Приемник внезапно оживает. Все вздрагивают.
Итальянцы сообщают, что связь с Африкой прервана. Порвалась тонкая нить, соединяющая их с кораблем. Что случилось?
— Продолжайте вызывать Зобру, мы остаемся на приеме.
И снова наступает тишина. Но это вторжение внешнего мира возвращает всех троих к действительности.
— Почему вы не сказали им, чем они больны? — спрашивает доктора Лоретта.
Ее вопрос — лишь предлог для того, чтобы заговорить с ним и улыбнуться. Это объяснение в любви.
— Я напрасно взволновал бы их.
В голосе доктора чувствуется невысказанная нежность.
Вмешивается Корбье. Его голос скрипуч, тон, как всегда, резок:
— Никогда не надо обманывать больных. Они больше чем кто-либо имеют право на истину.
Муж выдал себя. Лоретта закусывает губу.
Без всякого перехода Корбье спрашивает жену:
— Ты плакала?
Испуганная его прозорливостью, она лепечет:
— Нет. Чего ради мне плакать? Почему?
Он не отвечает. Но после ее настойчивых вопросов презрительно бросает:
— Мне так показалось, когда вы вернулись.
Мерсье достает из кармана сигарету, закуривает, избегая взгляда Лоретты.
2 часа 40 минут (по Гринвичу) на борту «Марии Соренсен»Олаф открыл глаза. Ему лучше, сон освежил его. Ларсен смотрит на него в недоумении: неужели кризис миновал? Это было простое недомогание? Он не смеет надеяться. Несколько раз пытался убедить себя, что у сына нет ничего серьезного, волноваться нечего, но где-то в глубине сознания крепло убеждение, что Олаф — жертва той же болезни, что и остальные. Он и сейчас так думает.
Олаф сел на койке. Поймал взгляд отца и тотчас же отвел глаза. Он делает вид, что не замечает, с каким беспокойством отец следит за всеми его движениями, и идет к двери.
— Куда ты идешь?
— Пойду предупрежу их.
— Что ты собираешься им сказать?
— Скажу, чем они больны.
— Ты же ничего не знаешь.
— Чего ты боишься? Я тоже слушал радио и понял, что доктор молчал недаром.
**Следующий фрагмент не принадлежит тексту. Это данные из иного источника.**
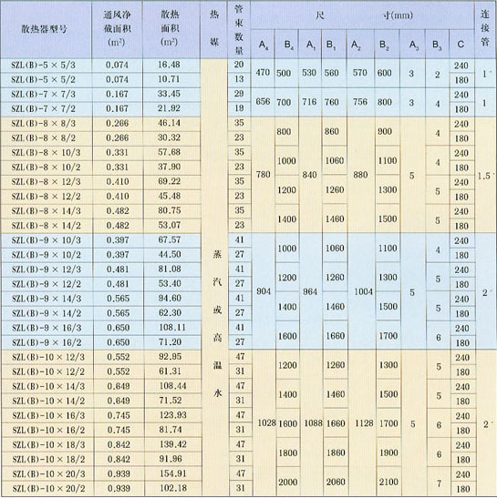 SZL(B)型翅片管散熱器,用無縫鋼管φ25×2.5mm作為基管,鋁孔翅片管外徑為直徑57mm,根徑為φ26.5mm,片距為2.8mm組成。散熱性能好、使用可靠、耐腐蝕性、光潔、美觀。應用於乳品、啤灑、食品、澱粉、化工、造紙、機械、醫-藥、空調、印染等行業。
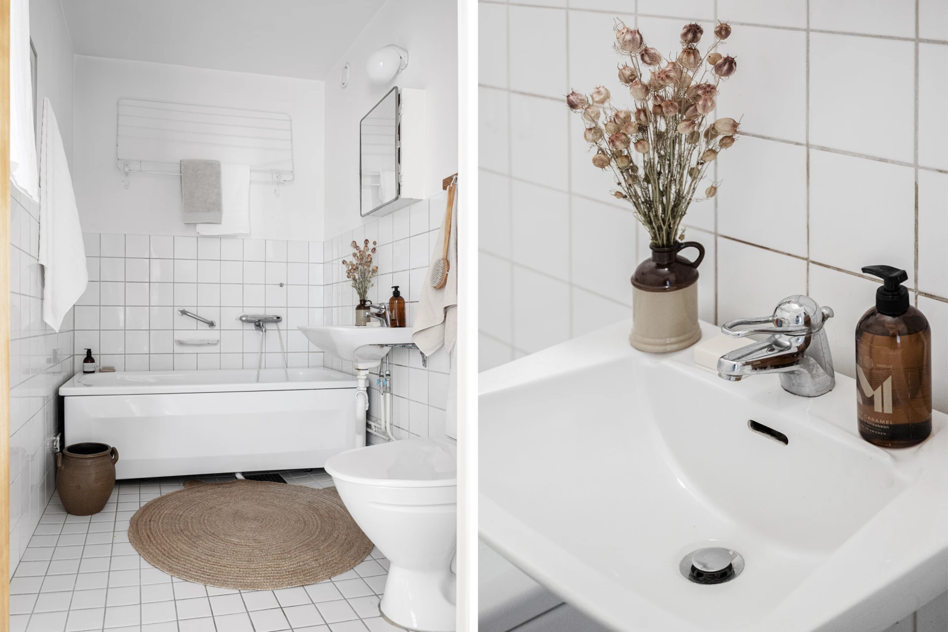 Halvkaklat och målat i vitt . Badrummet är utrustat med WC, handfat, dusch, spegel, handdukstork och badkar.

Они имеют право знать столько же, сколько и мы.
Капитан стучит кулаком по столу.
— Нет у них никаких прав, я здесь хозяин.
Ему показалось, что Олаф покачнулся, ухватился за шкаф, чтобы не упасть. Ларсен сразу смягчает тон:
— А для чего им это нужно?
— Они будут оберегаться, если еще не поздно.
— Как они могут оберегаться, подумай сам? Если для них можно что-то сделать — мы сделаем.
— Ну, тогда они хоть приготовятся к смерти, выскажут свои последние желания, помолятся. Каждый поступит по-своему. Но по крайней мере их не оставят подыхать как собак, не сказав даже, от чего они подыхают.
— Если сыворотка отправлена вовремя, они будут спасены и не узнают даже, какой опасности подвергались.
— А если они хотят о ней знать? Если я скажу им об этом, я, понимаешь?
Капитан заслоняет собой дверь:
— Не смей выходить! Я запрещаю!
Олаф смотрит на него, кровь бросается ему в лицо.
— Может, ты и подохнуть мне запретишь? У меня чума, холера или желтая лихорадка, черт его знает. Что мне до твоего запрета или разрешения? Я все равно конченный человек. Мне уж не вернуться в порт, не свидеться с Кристиной, и о ребенке я никогда не узнаю, а ты думаешь, что я буду считаться сейчас с дисциплиной и всеми выдумками, которыми ты пичкал меня столько лет подряд!